The candidates for liver transplantation should be identified as quickly as possible because the progression to multiorgan failure results in deterioration in many patients who are awaiting liver transplantation. While many people who develop acute liver failure recover with supportive treatment, liver transplantation is often required in people who continue to deteriorate or have poor prognostic factors. The patient's candidacy for liver transplantation should be assessed based on the patient's clinical scenario, as well as upon social and financial factors. Patient evaluation for liver transplantation should be done as soon as possible and before encephalopathy occurs. The key common feature among various prognostic evaluation systems is the presence of encephalopathy. Other common features are patient's age and severity of the liver injury which is assessed by coagulopathy or jaundice. To address the limitations, a wide variety of prognostic systems have been proposed but none has universal acceptance. King's college criteria is the most well-characterized evaluation system. Common absolute contraindications for liver transplantation include untreated sepsis, uncontrolled extrahepatobillary infection, alcohol abuse, uncontrolled cardiopulmonary disease, cholangiocarcinoma, metastatic malignancy to the liver and life-threatening systemic illness. Common postoperative complications for liver transplantation include infections, graft failure, vascular compromise, biliary stricture or stenosis, anastomosis leakage, thrombosis of hepatic artery and portal vein and depression.

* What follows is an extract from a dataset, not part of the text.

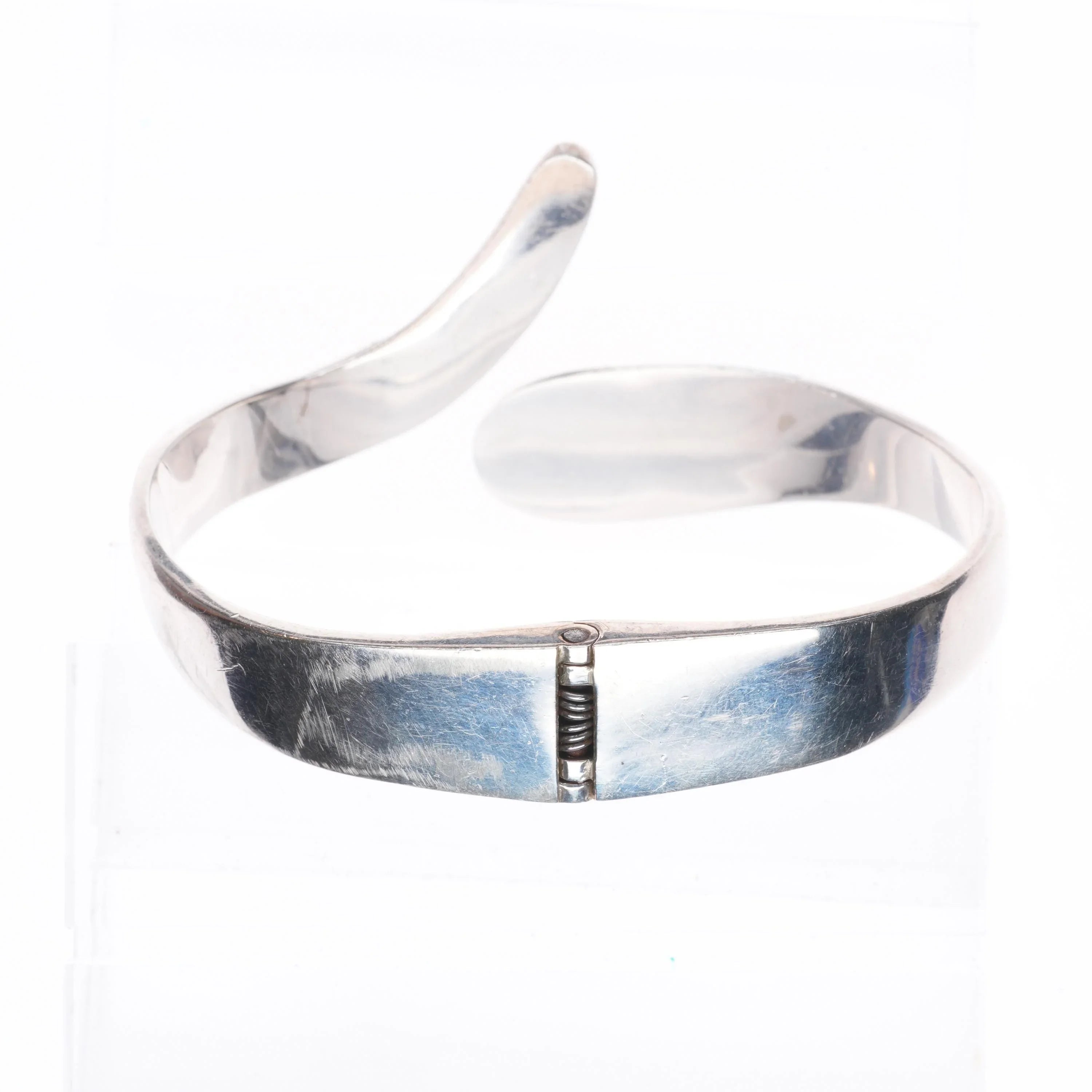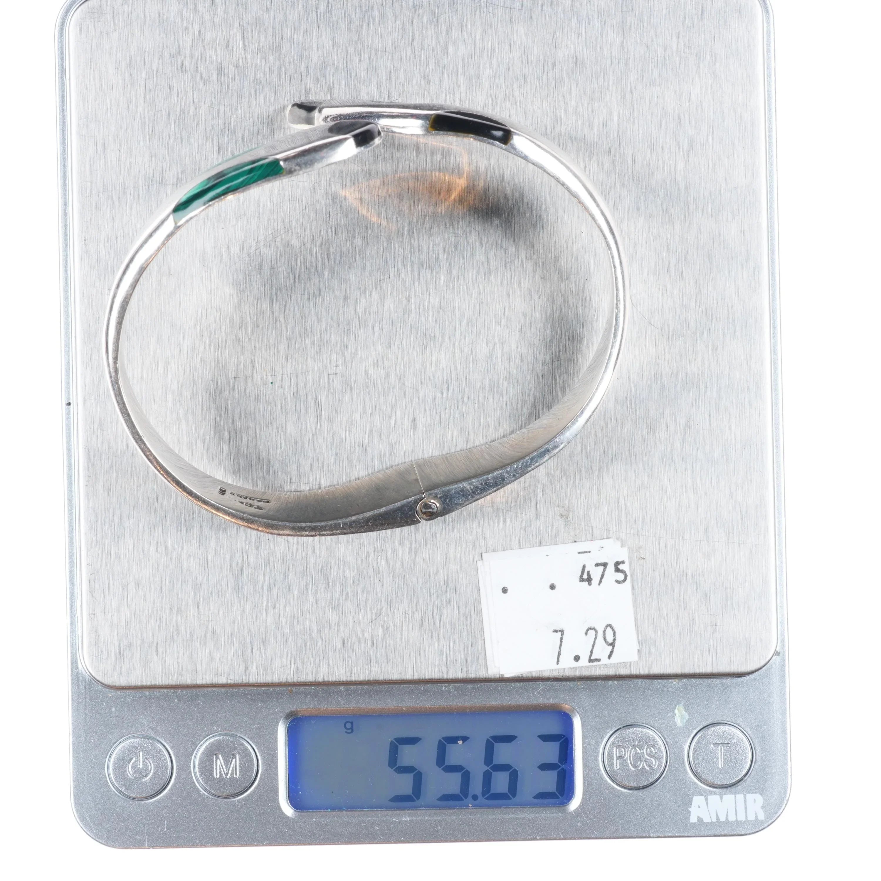 7.25" Retro Mexican sterling silver snake clamper bangle bracelet malachite/onyx. Weight and measurements in pictures, solid sterling silver. Fully functional, with no issues.

Effective measures for the primary prevention of acute liver failure include vaccination, proper personal hygiene, maintaining proper body weight, taking precautions while handling needles, blood, body piercing, tattooing and sexual practices.
Effective measures for secondary prevention of acute liver failure include management of chronic liver disease and its complications. In patients with resolved hepatitis B infection, antiviral prophylaxis can be considered in the patients who have a risk of reactivation such as during increasing levels of immunosuppression.